═════ Data segment
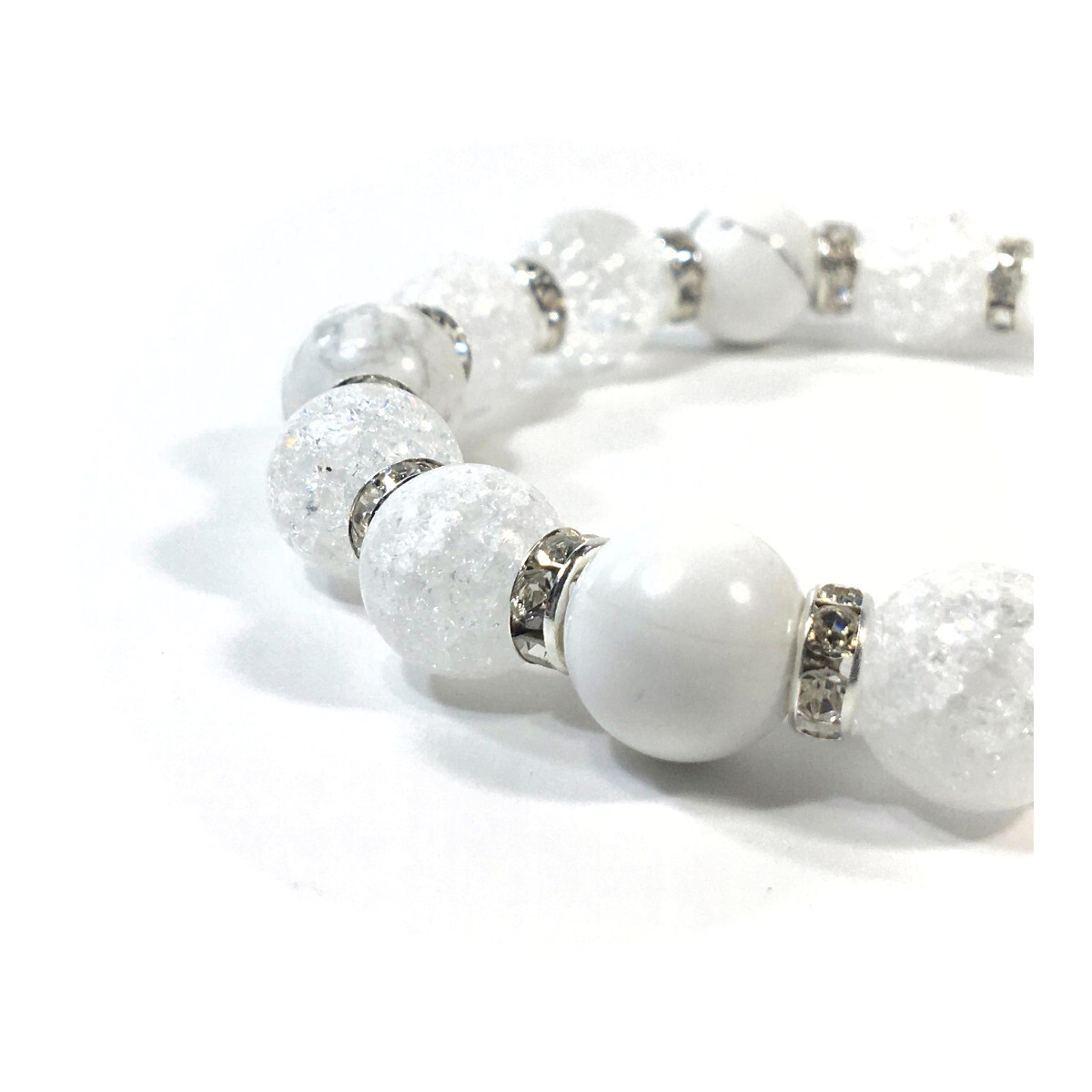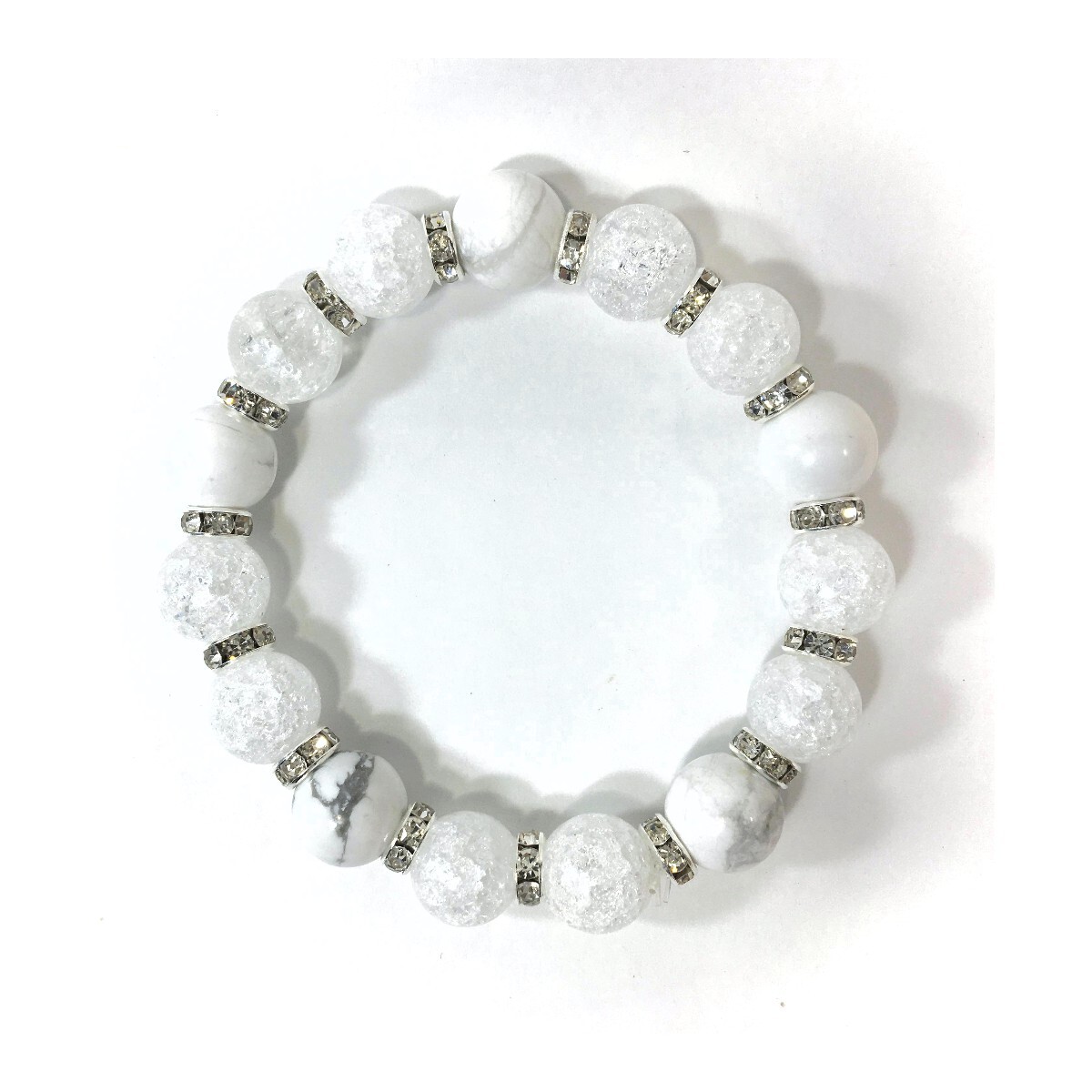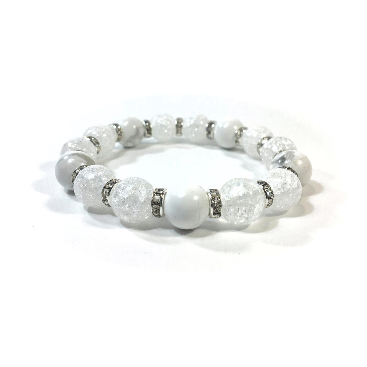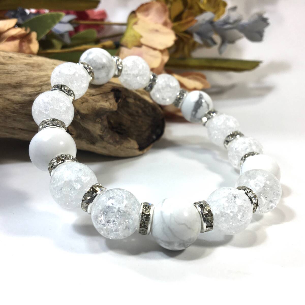 こちらは、クラック水晶とハウライトを組み合わせたパワーストーンブレスレットです。間にはロンデルを挟み高級感あるデザインに仕上げております。石大きさは12mm玉を使用して内径約18cmです。気になる方は是非この機会にどうぞ。
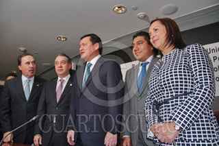 MÉXICO, D.F., 22MAYO2014.- Miguel Ángel Osorio Chong, secretario de Gobernación, se reunió con las comisiones de gobernación y seguridad del Senado de la República, en la imagen se observa al funcionario con Emilio Gamboa Patrón, coordinador de los priístas, Raúl Cervantes Andrade, presidente del Senado, Jorge Luis Preciado, coordinador de los panistas y Cristina Díaz, senadora presidenta de la comisión de gobernación. FOTO: MOISÉS PABLO /CUARTOSCURO.COM
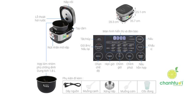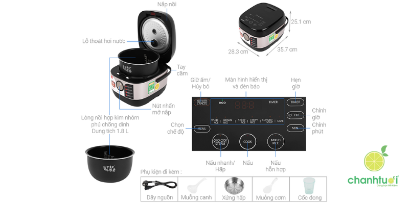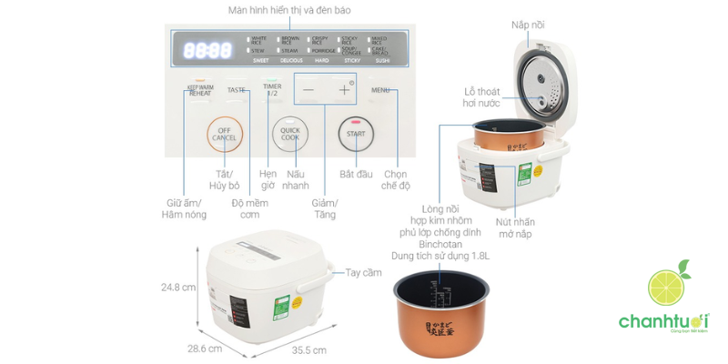 - Dung tích 1.8 lít phù hợp nấu cơm cho gia đình đông người.
══════════
Work request: Each line from the one with "MÉXICO, D.F., 22MAYO2014.- Miguel" to the final line of the data above is to be printed exactly; no picture should appear in the copy.

Output below:
 MÉXICO, D.F., 22MAYO2014.- Miguel Ángel Osorio Chong, secretario de Gobernación, se reunió con las comisiones de gobernación y seguridad del Senado de la República, en la imagen se observa al funcionario con Emilio Gamboa Patrón, coordinador de los priístas, Raúl Cervantes Andrade, presidente del Senado, Jorge Luis Preciado, coordinador de los panistas y Cristina Díaz, senadora presidenta de la comisión de gobernación. FOTO: MOISÉS PABLO /CUARTOSCURO.COM
 - Dung tích 1.8 lít phù hợp nấu cơm cho gia đình đông người.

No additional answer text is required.